To identify differences between patients with OA of the hip in an early stage and a healthy control group. Hypothesis 1.1 There are significant differences between patients with OA of the hip in an early stage and a healthy control group in terms of functional capacity, biomechanical / kinematic variables, muscle strength and range of motion. Osteoarthritis (OA) is by far the most prevalent joint disorder today. The knee and the hip are large joints to be targeted and is an important cause of pain and disability. In knee OA, it is shown that significant risk factors in developing the disease are quadriceps weakness, joint instability, and changes in joint loading. A few studies on hip OA have shown altered gait pattern, which affect joint loading, and one study has shown weakness in abductors, adductors and flexors around the hip. As joint loading and muscle weakness are important factors in the development in knee OA, it might as well be factors influencing OA in the hip.

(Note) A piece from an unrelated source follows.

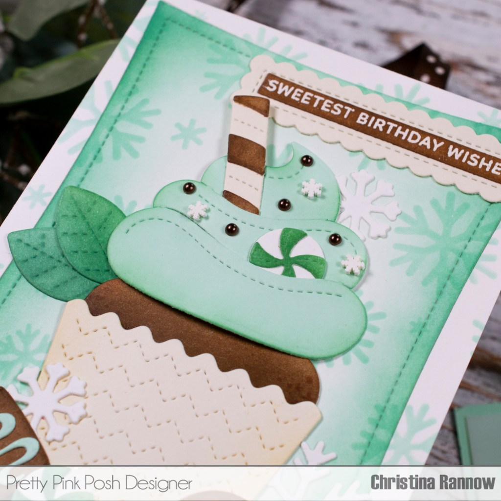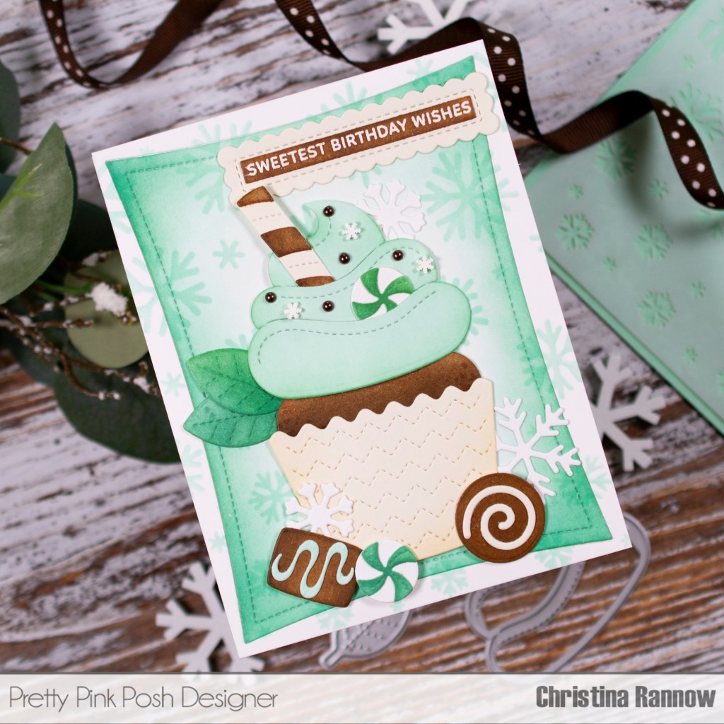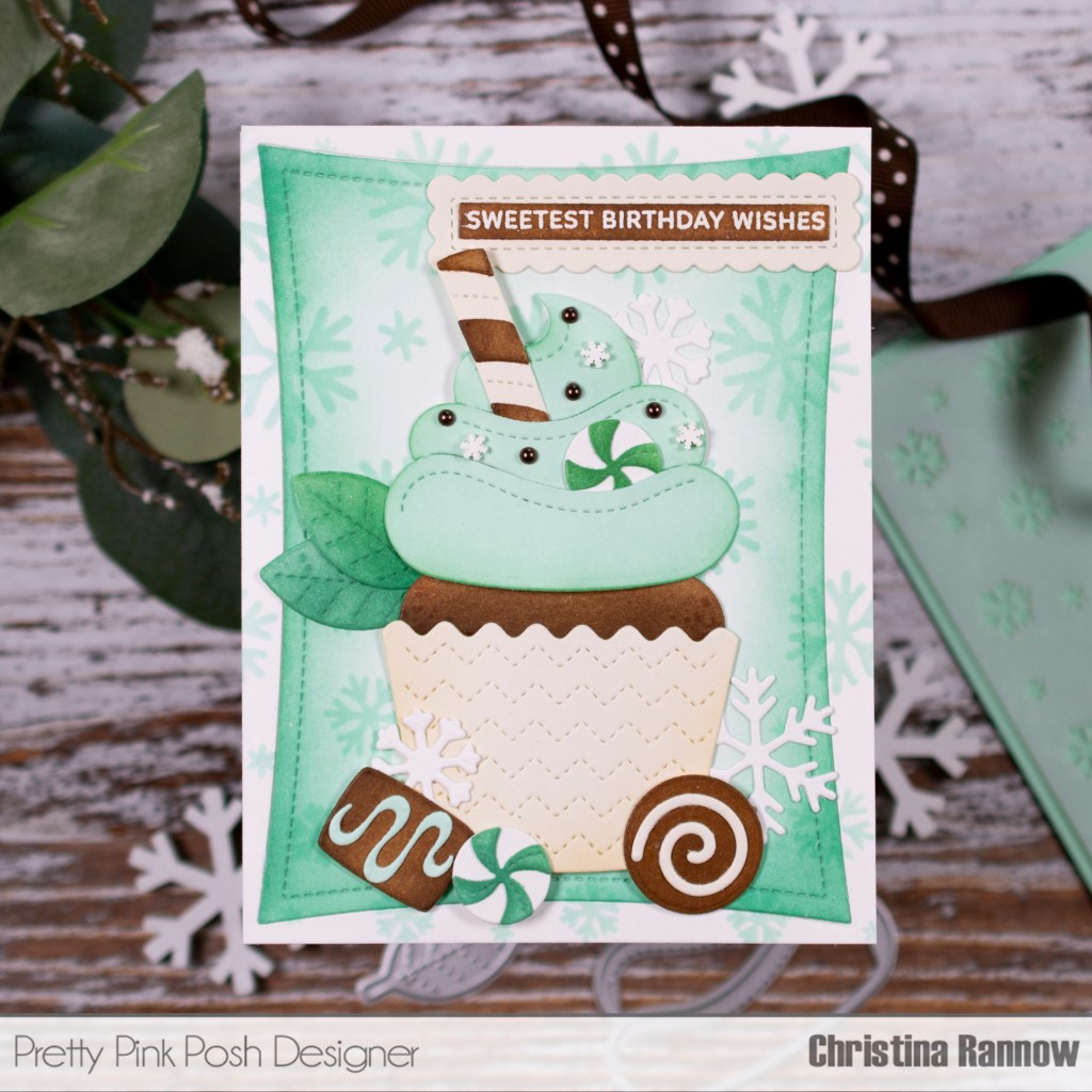 I have the sweetest mint chocolaty treat to share with you today, and it’s full of some of the best Pretty Pink Posh goodies. I mixed and matched multiple cupcake and mug sets to get the perfect combination for this winter birthday card created with inked die cuts. Keep reading to get all the minty fresh details on creating this card as well as the project-specific products I used. For my favorite everyday supplies, click here. Thanks so much for stopping by to read all about this sweet winter birthday card!

The purpose of this case-control studies was to compare hip OA patients to a healthy control group regarding biomechanical and clinical differences. Patients with hip pain, activity limitations (Harris Hip Score 60-95 p) and radiographically verified hip OA was included. The healthy control group will have a Harris Hip Score of 100 p. One hundred and ten patients and fifty controls will be asked to fill in questionnaires on pain, stiffness and physical function (WOMAC), quality-of-life (SF-36 v2), self-efficacy (Lorigue), and activity (PASE) in addition to perform 6-minute walk test, sub-maximal cardiovascular function, strength, and hip range of motion tests. Additionally, Qualisys Pro reflex 3D motion analysis system will be used during walking, one-leg standing, and raising from a chair on a sub-group of 40 patients and 20 controls.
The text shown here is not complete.